Excerpt: In the Realm of Hungry Ghosts

Posted by – May 24, 2019
Categories: Excerpt Health & Healing Psychology & Personal Growth Society & Politics

For Mental Health Awareness Month, we’re sharing an exclusive excerpt from one of our best-selling and most beloved books ever, In the Realm of Hungry Ghosts by Dr. Gabor Maté.

Based on Maté’s decades of experience as a medical doctor and his groundbreaking work with addicted populations in Vancouver, In the Realm of Hungry Ghosts: Close Encounters with Addiction is a radical re-envisioning of trauma, addiction, mental health, and the social systems that can support—or often inhibit—healing and growth. With a holistic lens, Dr. Maté explores the complex interplay of personal history, emotional development, behavior, and brain chemistry to promote compassionate self-understanding as a critical component of emotional healing.

As Dr. Maté says, 
My book, in short, is an attempt to bring light to core issues shrouded in darkness.

We hope you enjoy the excerpt below.

The Ecology of Healing: The Power of Compassionate Curiosity

When I’m reasonably balanced in my personal and spiritual life, I don’t have difficulty finding compassion for my addicted patients. I’m curious about their life histories and self-perceptions, and for the most part I’m able to avoid imposing judgments on them. As with [my patient] Clarissa, my aim is to open their eyes to the possibility of a nonjudgmental, compassionate curiosity toward themselves.

Things are very different when it comes to my own self in the midst of an addicted phase. Suffused with corrosive shame, I attempt to hide the self-loathing from my own sight with feigned joviality or self-justifying combativeness, neither of which do the job near adequately. As with my drug-dependent, fellow hungry ghosts, this slush of pitiless, negative self-judgment only intensifies the desire for escape and oblivion. The spiral of addiction-shame-addiction keeps swirling on.

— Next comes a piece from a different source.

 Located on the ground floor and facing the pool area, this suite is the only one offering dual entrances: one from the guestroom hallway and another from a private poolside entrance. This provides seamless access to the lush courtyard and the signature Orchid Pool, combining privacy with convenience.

As Dr. Bruce Perry said about drug addicts, “we need to be very loving, very accepting, and very patient with people who have these problems.” We also need to extend that same loving, accepting, and patient attitude toward ourselves. And, as Dr. Jaak Panksepp has suggested, to deal successfully with addictions we have to bring emotions back into healthy balance; we have to give ourselves “a chance to think about it.” When we’re awash in a poisonous soup of self-recrimination and shame,
we cannot think creatively.

Among the necessary initial moves toward sobriety is the directing of compassionate curiosity at oneself. Many teachings, from spiritual writings to psychological works, tell us that we need to look at ourselves this way. “In cultivating loving-kindness, we learn first to be honest, loving, and compassionate towards ourselves,” writes the American Buddhist nun Pema Chödrön. “Rather than nurturing self-denigration, we begin to cultivate a clear-seeing kindness.” Chödrön also suggests it’s a good idea to lighten up:

Being able to lighten up is the key to feeling at home with your body, mind, and emotions, to feeling worthy of living on this planet. . . . In addition to a sense of humor, a basic support for a joyful mind is curiosity, paying attention. . . . Happiness is not required, but being curious without a heavy judgmental attitude helps. If you are judgmental, you can even be curious about that.

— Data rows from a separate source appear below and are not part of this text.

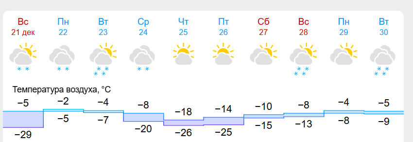 Резкое похолодание в Челябинске сменилось потеплением. К вечеру воскресенья, 21 декабря, столбик термометра показывает -5 градусов. Аналогичная погода, по прогнозам, ожидается в понедельник и вторник. Однако уже со среды в регион придёт новая волна холода, сообщают различные метеорологические сервисы.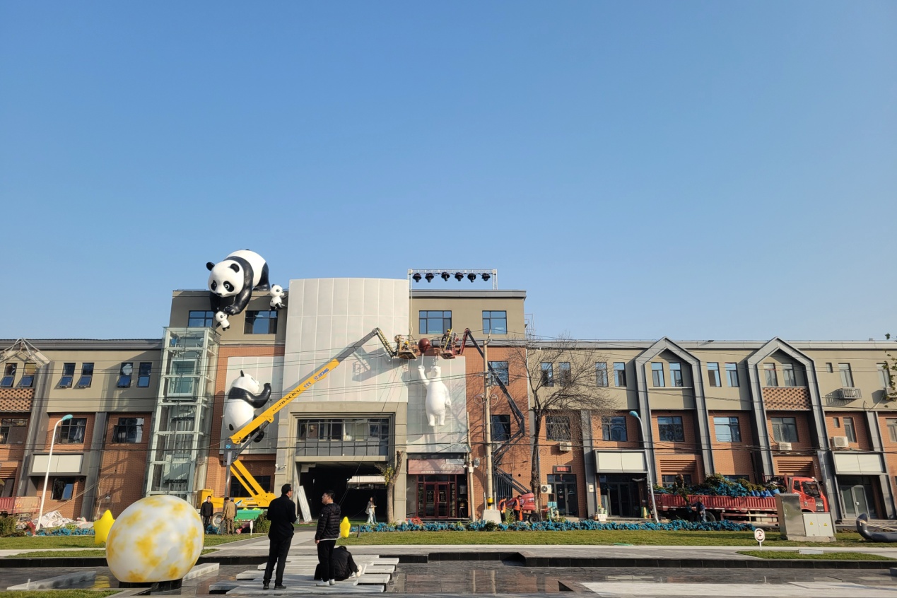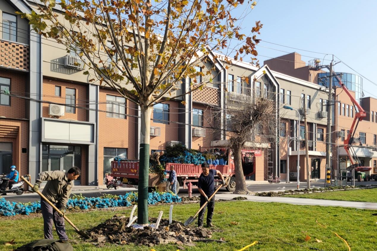 目前,广场土建、水电等基础工程已全部完工。施工团队正紧锣密鼓地进行美陈布景,打造错落有致的绿植景观,为广场增添自然生机。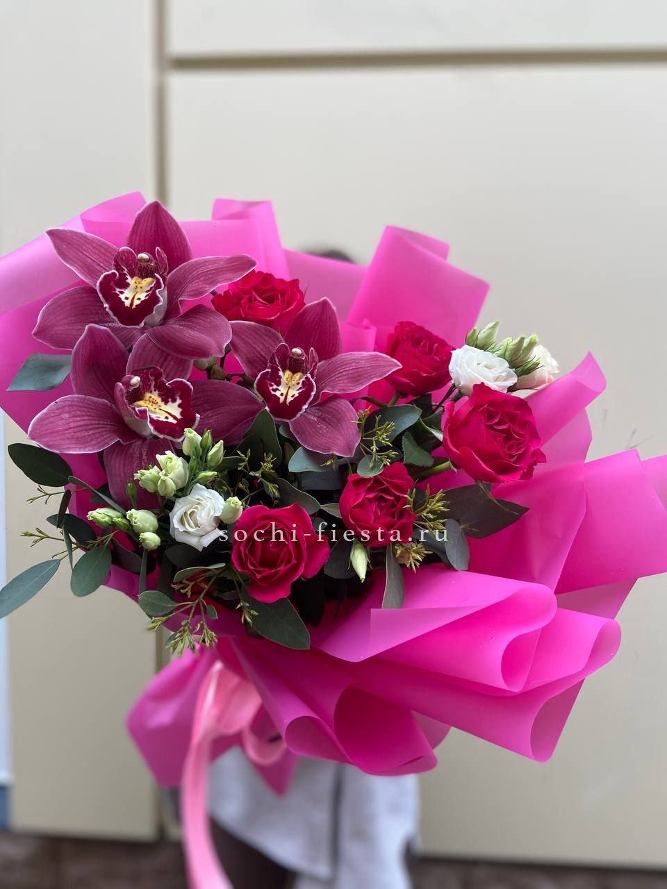 роза, орхидея цимбидиум(или эквивалент),эустома,  эвкалипт, лента, дизайнерская упаковка.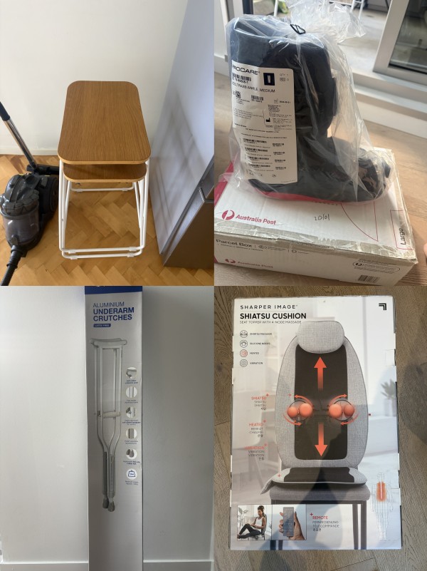 하이체어, 반깁스(cam walker), 목발, 시아추 쿠션의자 팝니다

Posed in a tone of compassionate curiosity, “Why?” is transformed from rigid accusation to an open-minded, even scientific question. Instead of hurling an accusatory brick at your own head (e.g., “I’m so stupid; when will I ever learn?” etc.), the question “Why did I do this again, knowing full well the negative consequences?” can become the subject of a fruitful inquiry, a gentle investigation. Taking off the starched uniform of the interrogator, who is determined to try, convict, and punish, we adopt toward ourselves the attitude of the empathic friend, who simply wants to know what’s going on with us. The acronym COAL has been proposed for this attitude of compassionate curiosity: curiosity, openness, acceptance, and love: “Hmm. I wonder what drove me to do this again.”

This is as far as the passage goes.